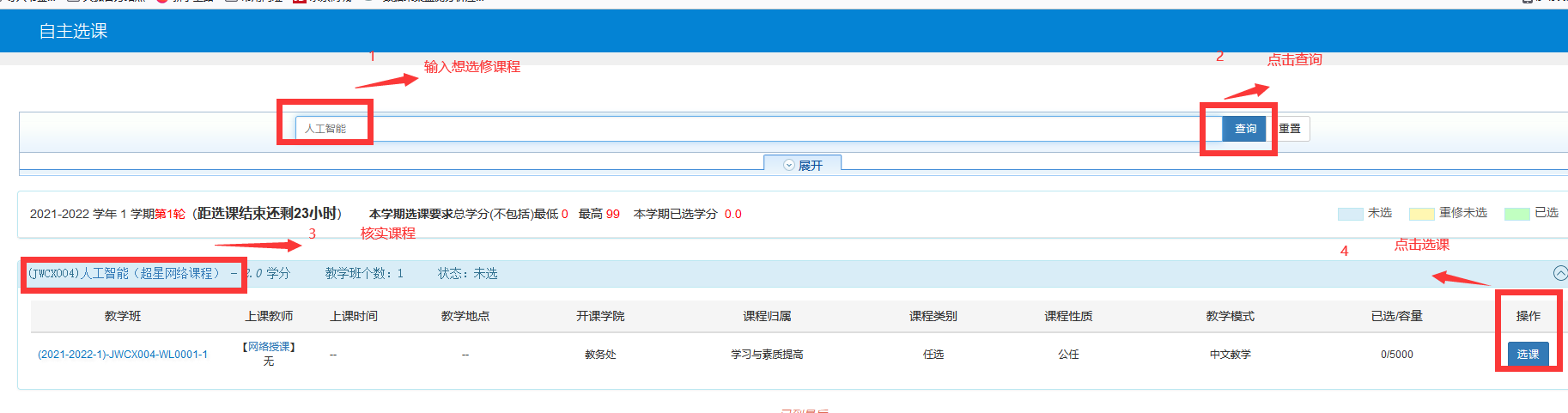 四、选课方法及注意事项
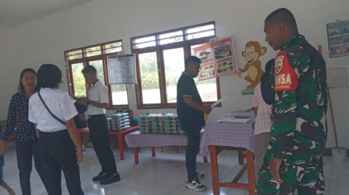 KODIM 1605/BELU, Babinsa Koramil 1605-09/Biudukfoho Sertu Henry Rumamelete melaksanakan pendampingan penyaluran program makan bergizi gratis (MBG) pada kelompok bermain Paud Stevani di Dusun lorosae,
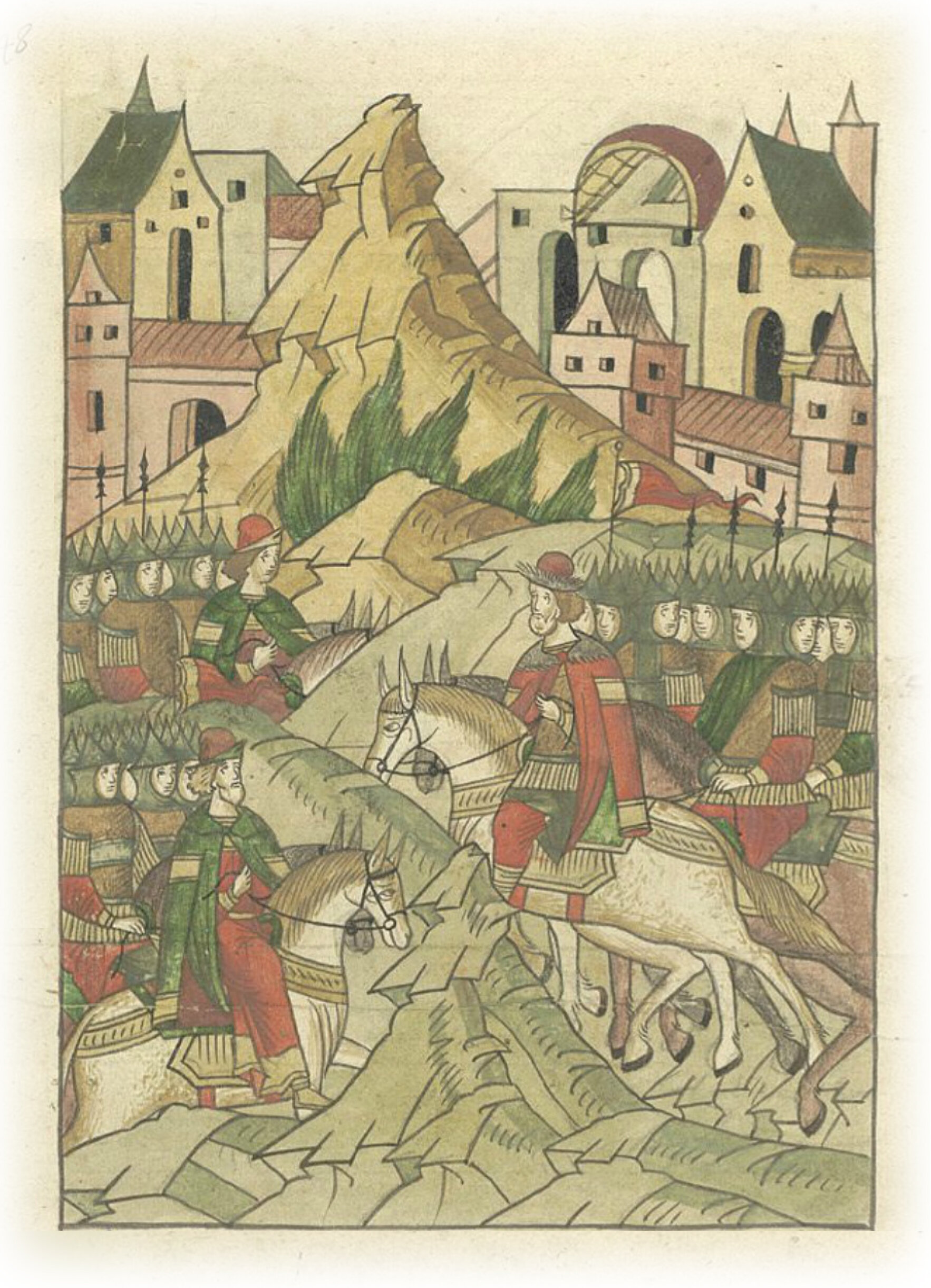 Князь Олег Иванович Рязанский с войском выходит навстречу напавшему на него великому князю Дмитрию Ивановичу.
*-*-*
- WORK TO BE COMPLETED -
Pictures are to be omitted from the copy. Reproduce exactly, and only, the lines from the one containing "KODIM 1605/BELU, Babinsa" to the end of the listing above.

- FINISHED EXERCISE -
 KODIM 1605/BELU, Babinsa Koramil 1605-09/Biudukfoho Sertu Henry Rumamelete melaksanakan pendampingan penyaluran program makan bergizi gratis (MBG) pada kelompok bermain Paud Stevani di Dusun lorosae,
 Князь Олег Иванович Рязанский с войском выходит навстречу напавшему на него великому князю Дмитрию Ивановичу.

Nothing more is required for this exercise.